[Collected data entries]
****************
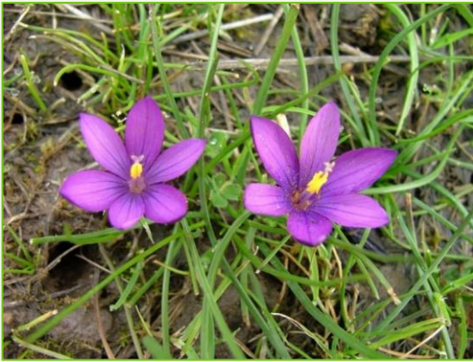
Crocus minimus (Zafferano minore)
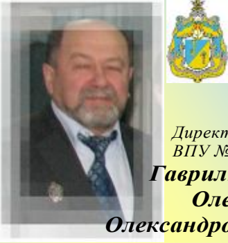
Директор ВПУ №25
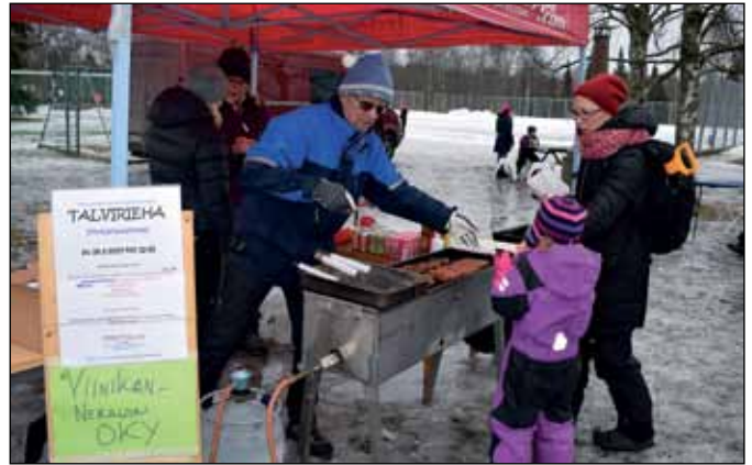
Perinteinen talvirieha järjestetään taas 21.2.2023 klo 17–19

kertaa vuodessa. Jakoalueita sanotaan piireiksi. Kiitokseksi järjestämme piirihenkilökoulutuksen saunomisen ja ruokailun merkeissä kerran vuodessa, tällä kertaa loppukeväästä. Lisätietoja vapaana olevista piireistä saa ja ilmoittautua voi osoitteessa viinikka.nekala@gmail.com .
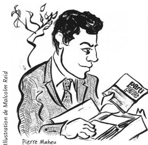
Illustration de Malcolm Reid Pierre Maheu

Paris, les années trente. Le romancier Paul Nizan évoque dans son roman La Conspiration un trio de jeunes qui lance une revue de gauche, très à gauche, qu'ils appellent La Guerre civile . «Ils ne se doutaient pas alors que ce qu'il y avait de plus important dans cette aventure c'était les heures qu'ils passaient avec des typographes habiles et narquois, dans la petite imprimerie.»
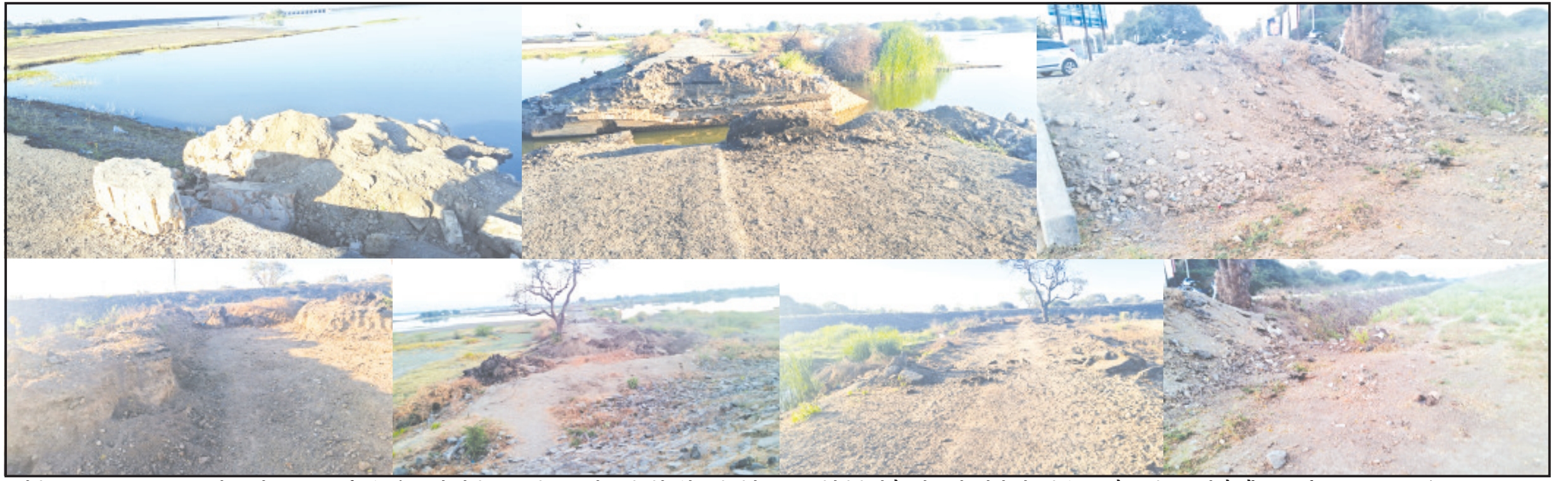
અમરેલી, તા. ૧૫ અમરેલીનાં પાટરમાં આવેલ અને જનતા જનાર્દનનાં પરસેવાનાં કરોડો રૂપિયાનાં ખર્ચથી તૈયાર થયેલ ઠેલી જળાશયની જાળ વણીમાં સિંચાઈ વિભાગની ગંભીર બેદરકારી ઉઠીને આંખે વળગી રહી છે. સવારથી જેસીબી અને લોડર વડે મનફાવે ત્યાં ખોદકામ કરવામાં આવ્યા બાદ ઠેકઠેકાણે માટીનાં ઢગલા જોવા મળી રહ્યા છે. તો વર્ષો પુરાણા માર્ગ ઉપર પણ અનુસંધાન પાના ૬ ઉપર

થોડા દિવસ પહેલા ઢેલી સવારથી જેસીબી, લોડર દ્વારા વડે મનફાવે તે રીતે ભાંગતોડ કરવામાં આવી જનતા જનાર્દનનાં પરસેવાનાં પૈસાથી થયેલ કામગીરી કયાં પ્રકારની હતી તેની કોઈને જાણકારી નથી ઠેકઠેકાણે માટીનાં ઢગલાઓ છતાં પણ અધિકારીને ખબર નથી કે જળાશયના પટાંગણની શું હાલત છે મહાકાય જળાશયની જવાબદારી એક રોજમદાર કર્મચારીની હોય તેવું લાગી રહ્યું છે
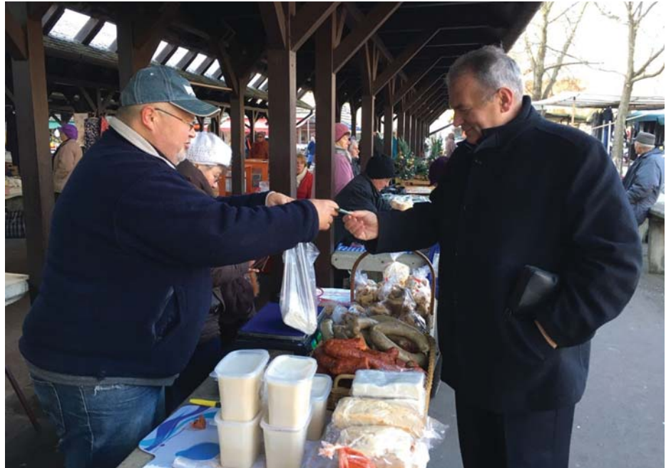
RÉGI ISMERŐSÖK A MAKÓI PIACON
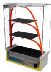
Gepatenteerde Hot Blanket-bewaartechnologie
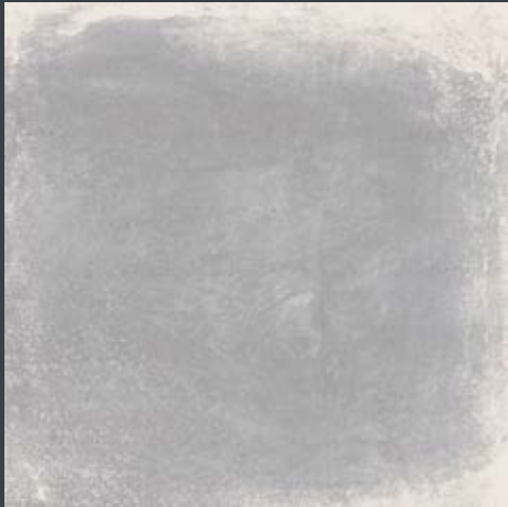
Domicil grau matt
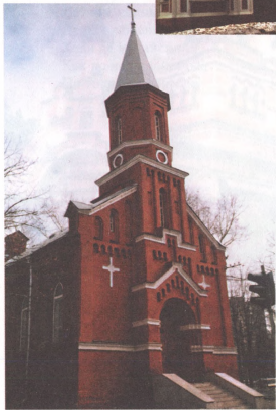
Кирха (лютеранская церковь)
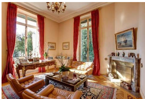
Un autre salon
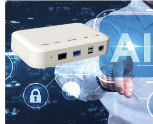
Interface for smart systems
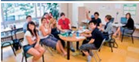
Studenti před budovou školy, Fukuoka a studenti v klubovně školy
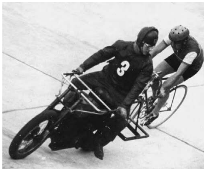
Jazda za motorovým vodičom na bratislavskej klopenej dráhe, 50. roky
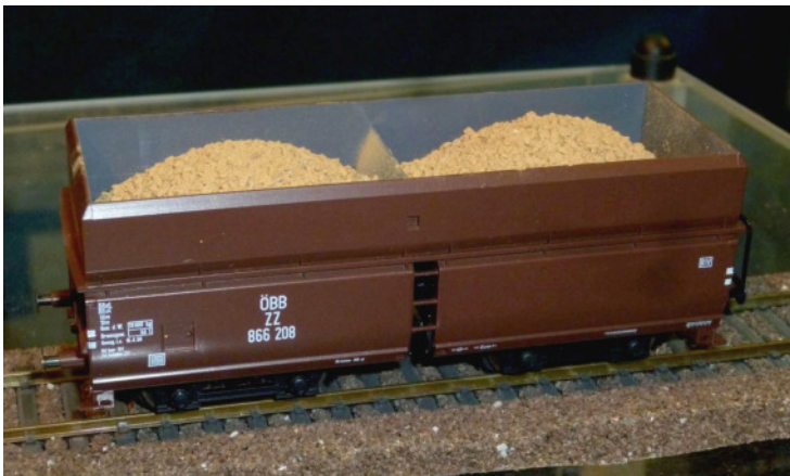
40200: Groberz auf Halde gelagert
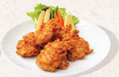
チキンから揚げ Chicken Karaage
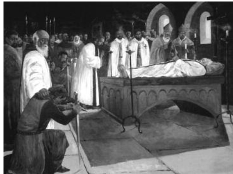
Quadre 14. La mort del rei. (Monestir de Poblet, 1276). Mides (cm): 225 x 185
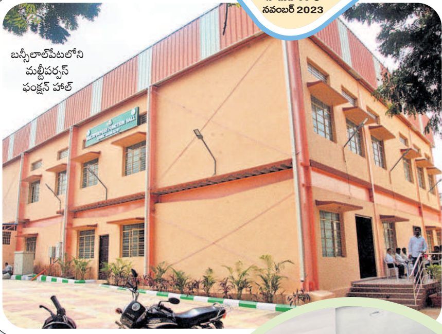
బస్టిలాల్పేటలోని మల్టీపర్పస్ ఫంక్షన్ హాల్

హైదరాబాద్ నగరంలో సామాన్యులు పెళ్లి, ఇతర వేడుకలు చేయడమంటే సులువు కాదు.. ఖర్చు తడిసి మోపడపుతున్నది. ఇంటి వద్ద దాచికి చేద్దామంటే ఉన్న వీధులు ఇరుక్కా ఉంటాయి. ఏదైనా ఫంక్షన్ హాల్ బుక్ చేద్దామంటే తక్కువలో తక్కువ రూ. 80 వేల నుంచి లక్ష రూపాయల వరకు ఉంటుంది. వంట సామగ్రి, డెకరేషన్, ఇతరత్రా కలిపి మరో రూ. 50వేలు దాటుతుంది. ఈ నేపథ్యంలోనే ఫంక్షన్ హాళ్ల అద్దెలు భరించలేని మధ్య, దిగువ తర గతి, సామాన్య ప్రజలకు అందుబాటులో ఉండేలా చర్యలు చేపట్టాలని పురపాలక శాఖ మంత్రి కేటీఆర్ జీహెచ్ఎంసీని ఆదేశించారు. ఈ నేపథ్యంలో రూ. 90 కోట్లతో 31 చోట్ల మల్టీపర్పస్ ఫంక్షన్ హాళ్లు నిర్మించాలని భావించి ఈ మేరకు విడతల వారీగా పనులకు శ్రీకారం చుట్టారు. ఇందులో భాగంగానే ఇప్పటి వరకు రూ. 30.10కోట్లతో తొమ్మిది చోట్ల మల్టీపర్పస్ ఫంక్షన్ హాళ్లను అందుబాటులోకి తీసుకొచ్చారు. అందుబాటులోకి వచ్చిన బహుళ వినియోగ ఫంక్షన్ హాళ్ల వందలాది మందికి ఎంతో ప్రయోజనం చేకూరుతున్నాయి. ఈ క్రమంలోనే జీహెచ్ఎంసీ రూ. 64.98 కోట్లతో మరో 15 చోట్ల మల్టీపర్పస్ ఫంక్షన్ హాళ్లను శ్రీకారం చుట్టగా, విడతల వారీగా వీటిని అందుబాటులోకి తీసుకొస్తున్నారు.
****************
→ **Your objective**: Here the lines from the one with "Кирха (лютеранская церковь)" through the last line of the data above need to be repeated exactly, both included, and any picture omitted.

→ **Answer for the task**:
Кирха (лютеранская церковь)
Un autre salon
Interface for smart systems
Studenti před budovou školy, Fukuoka a studenti v klubovně školy
Jazda za motorovým vodičom na bratislavskej klopenej dráhe, 50. roky
40200: Groberz auf Halde gelagert
チキンから揚げ Chicken Karaage
Quadre 14. La mort del rei. (Monestir de Poblet, 1276). Mides (cm): 225 x 185
బస్టిలాల్పేటలోని మల్టీపర్పస్ ఫంక్షన్ హాల్

హైదరాబాద్ నగరంలో సామాన్యులు పెళ్లి, ఇతర వేడుకలు చేయడమంటే సులువు కాదు.. ఖర్చు తడిసి మోపడపుతున్నది. ఇంటి వద్ద దాచికి చేద్దామంటే ఉన్న వీధులు ఇరుక్కా ఉంటాయి. ఏదైనా ఫంక్షన్ హాల్ బుక్ చేద్దామంటే తక్కువలో తక్కువ రూ. 80 వేల నుంచి లక్ష రూపాయల వరకు ఉంటుంది. వంట సామగ్రి, డెకరేషన్, ఇతరత్రా కలిపి మరో రూ. 50వేలు దాటుతుంది. ఈ నేపథ్యంలోనే ఫంక్షన్ హాళ్ల అద్దెలు భరించలేని మధ్య, దిగువ తర గతి, సామాన్య ప్రజలకు అందుబాటులో ఉండేలా చర్యలు చేపట్టాలని పురపాలక శాఖ మంత్రి కేటీఆర్ జీహెచ్ఎంసీని ఆదేశించారు. ఈ నేపథ్యంలో రూ. 90 కోట్లతో 31 చోట్ల మల్టీపర్పస్ ఫంక్షన్ హాళ్లు నిర్మించాలని భావించి ఈ మేరకు విడతల వారీగా పనులకు శ్రీకారం చుట్టారు. ఇందులో భాగంగానే ఇప్పటి వరకు రూ. 30.10కోట్లతో తొమ్మిది చోట్ల మల్టీపర్పస్ ఫంక్షన్ హాళ్లను అందుబాటులోకి తీసుకొచ్చారు. అందుబాటులోకి వచ్చిన బహుళ వినియోగ ఫంక్షన్ హాళ్ల వందలాది మందికి ఎంతో ప్రయోజనం చేకూరుతున్నాయి. ఈ క్రమంలోనే జీహెచ్ఎంసీ రూ. 64.98 కోట్లతో మరో 15 చోట్ల మల్టీపర్పస్ ఫంక్షన్ హాళ్లను శ్రీకారం చుట్టగా, విడతల వారీగా వీటిని అందుబాటులోకి తీసుకొస్తున్నారు.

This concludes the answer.